What is being asked: Give all the lines below again, exactly, with no pictures.

Source data:
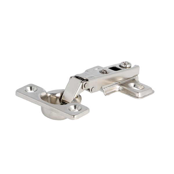 Mini Hinge, Steel, NPL, 98DG, A/00mm Full-Overlay,W/Mounting Plate H:0mm, F/Chipboard Screws, ø26mm Cup cc:38mm - 8mm Cup Height 9,5mm, W/SISO DK Logo In Cup, Slide-On
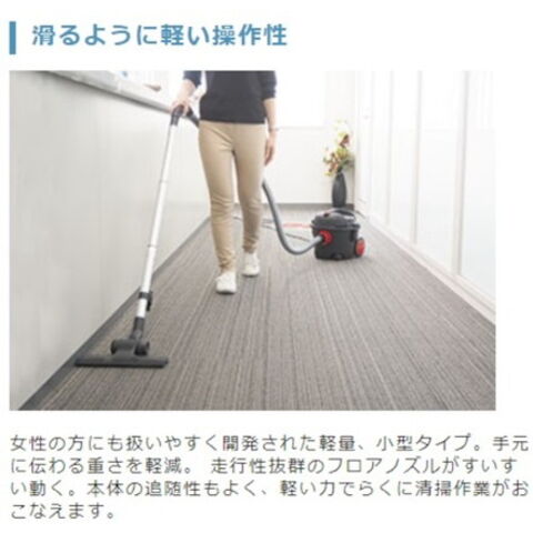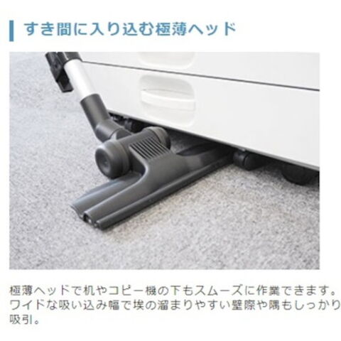 ●極薄ヘッドでコピー機の下やベッドの下などスムーズに作業できます。●使ってみると分かる驚きの軽さ、現場の方々に喜んで頂ける商品です。●突起物最小限に抑えた本体デザインと衝撃吸収バンパーにより、清掃作業中に起こりうる衝撃から対象物を守ります。●電源コードの断線を防止する3つのツールを標準装備しています。●パワーセレクトで運転音の調整が出来ます。●軽くラクに作業できるように、使いやすさにこだわっております。
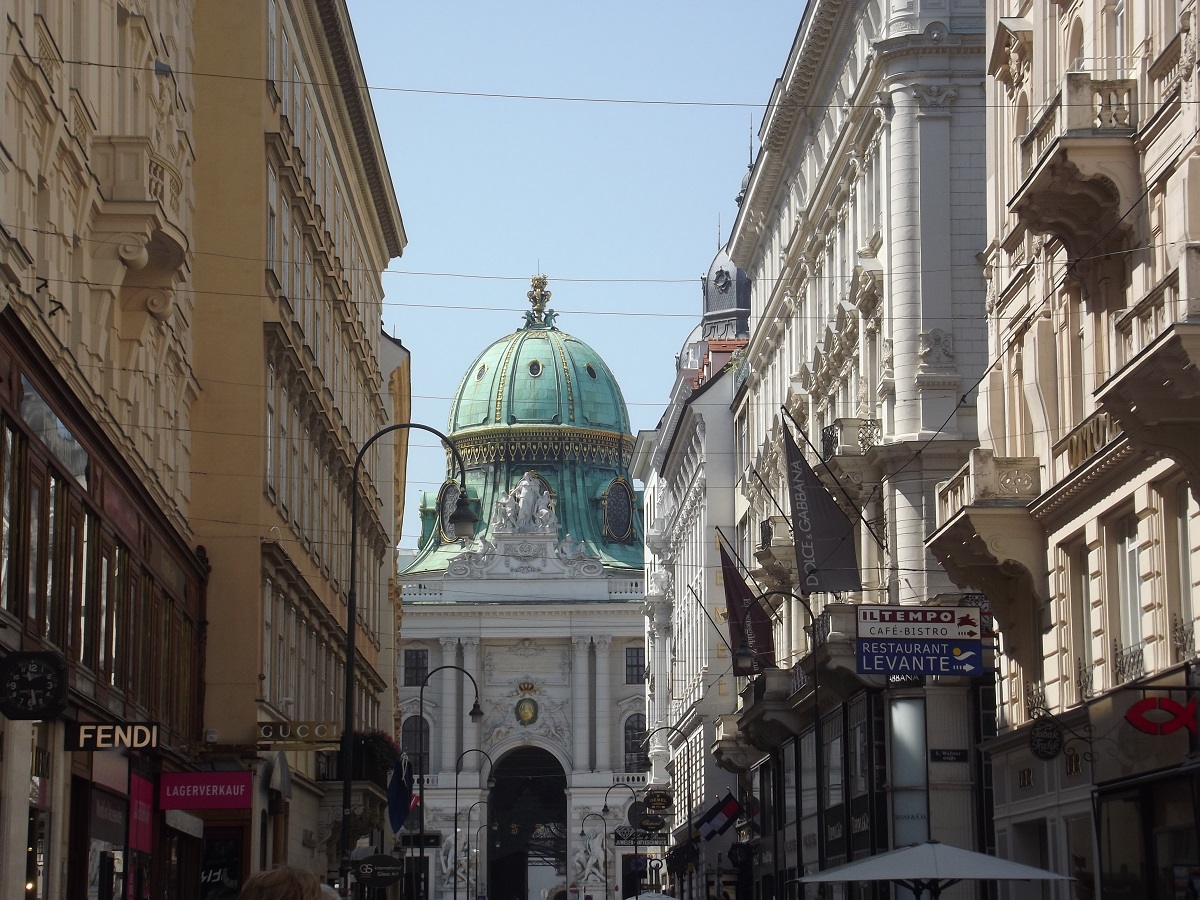Street leading to green dome

Task output:
 Mini Hinge, Steel, NPL, 98DG, A/00mm Full-Overlay,W/Mounting Plate H:0mm, F/Chipboard Screws, ø26mm Cup cc:38mm - 8mm Cup Height 9,5mm, W/SISO DK Logo In Cup, Slide-On
 ●極薄ヘッドでコピー機の下やベッドの下などスムーズに作業できます。●使ってみると分かる驚きの軽さ、現場の方々に喜んで頂ける商品です。●突起物最小限に抑えた本体デザインと衝撃吸収バンパーにより、清掃作業中に起こりうる衝撃から対象物を守ります。●電源コードの断線を防止する3つのツールを標準装備しています。●パワーセレクトで運転音の調整が出来ます。●軽くラクに作業できるように、使いやすさにこだわっております。
Street leading to green dome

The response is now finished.